从限制的主体进行分类,quota 包含 user quota、group quota 与 project quota 三部分。顾名思义,user quota、group quota 限制的主体分别是 user、user group,而 project quota 限制的主体则是 project id。当一个目录下的所有子目录和文件拥有相同的 project id 时,就可以限制一个目录下总的磁盘使用量。
quota 子系统其实是一项“古老”的特性,user quota 与 group quota 早在 Linux v2.6 就开始支持,而 project quota 则来得相对晚一些。project quota 特性最初来源于 XFS,Linux v4.5 开始 ext4 才正式支持 project quota。
### quota 配额
quota 从限制的对象进行分类,包括 block quota 与 inode quota 两部分。

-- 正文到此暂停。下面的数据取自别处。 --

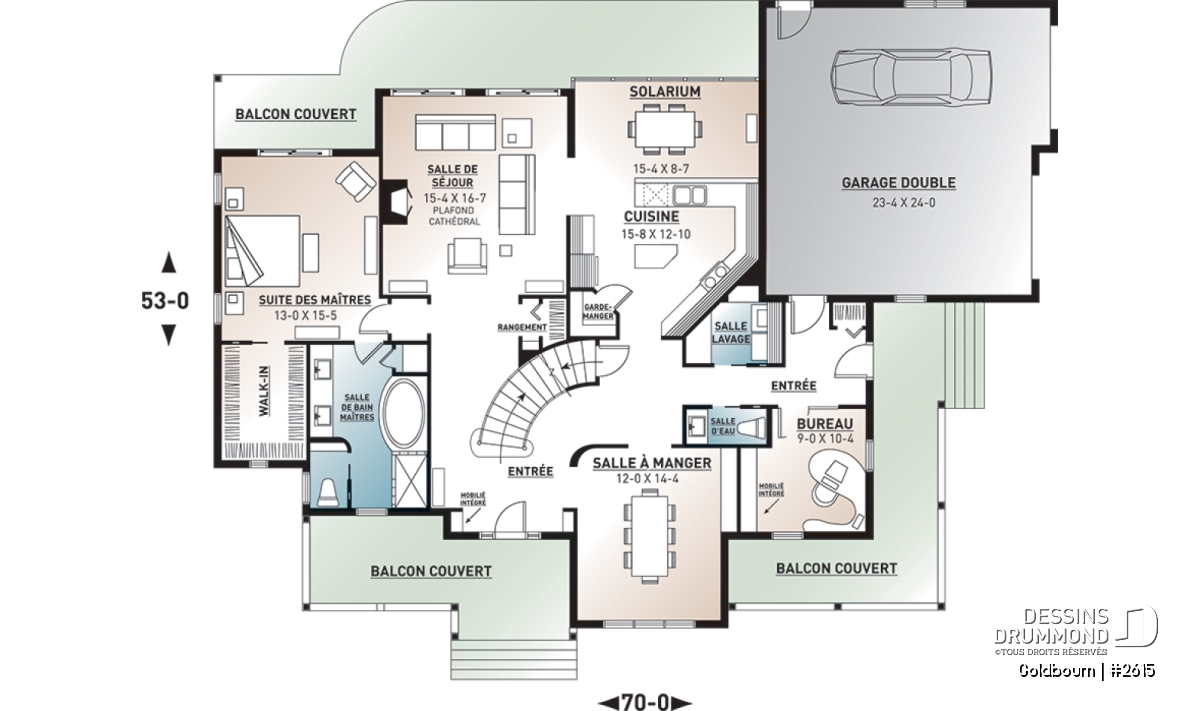 Foyer, Plafond cathédrale, Garage latéral, Salle de lavage au rez-de-chaussée, Vue paronamique, Garde-manger, Plafond à plus de 8', Ilôt, Suite d'invités, Terrasse abritée, Bureau / Salle étude, Solarium, Dinette / Coin déjeuner, Suite des maîtres au rdc, Walk-in ch. maîtres, Galerie 2-3 côtés, Mezzanine, Bain et douche séparés, Lavabo double, Bar à café
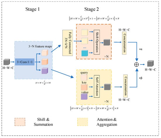 The second step is to reuse and aggregate the intermediate features in different modes (self-attention and convolution). When obtaining the self-attention feature, the intermediate feature set is divided into N groups. Each group contains three feature maps, and the three feature maps are used as query, key, and value matrices to obtain the self-attention feature . In obtaining the convolution features, assuming that the convolution kernel size is k, a fully connected layer is used to obtain k2 feature maps, and the convolution feature is calculated and summed. To eliminate the inefficiency of tensor shift operations, we employ depthwise convolutions with fixed kernels as a lightweight and effective alternative. If we denote the convolution kernel (kernel size k = 3) as
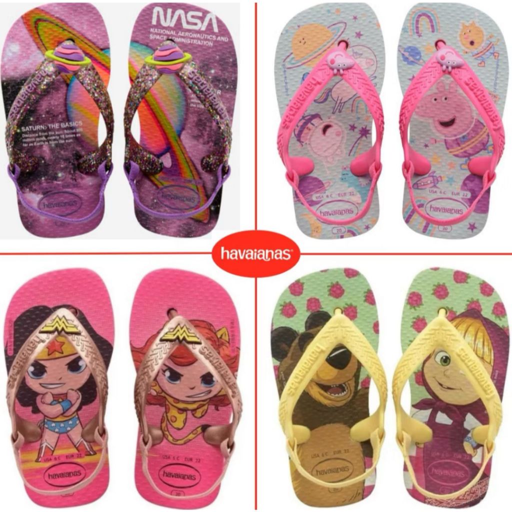 Chinelo Havaianas Baby Masha Peppa Pig Princesa Ariel Nasa Infantil Minnie Lilas Elástico Desenho

限制的类型又包含 softlimit 与 hardlimit 两类,其中 hardlimit 是不可超越的,即 inode/block 分配过程中若当前占用的 inode/block 数量超过 hardlimit,那么分配过程就会失败。
softlimit 是可以暂时超越的,inode/block 分配过程中若当前占用的 inode/block 数量超过 softlimit 但是尚未超过 hardlimit,那么只会打印 warnning 信息,但是分配过程并不会失败。
但是系统不能长时间超过 softlimit,系统可以超过 softlimit 的最长时间称为 grace time,在第一次超过 softlimit 的时候开始计时,在 grace time 时间以内,尽管当前占用的 inode/block 数量超过 softlimit,但是分配过程不会失败;而如果 grace time 时间以后,当前占用的 inode/block 数量仍然没有降到 softlimit 以下,此时分配过程就会失败。
grace time 参数是 filesystem wide 统一的,即同一个文件系统(磁盘分区)共用同一份 grace time 参数。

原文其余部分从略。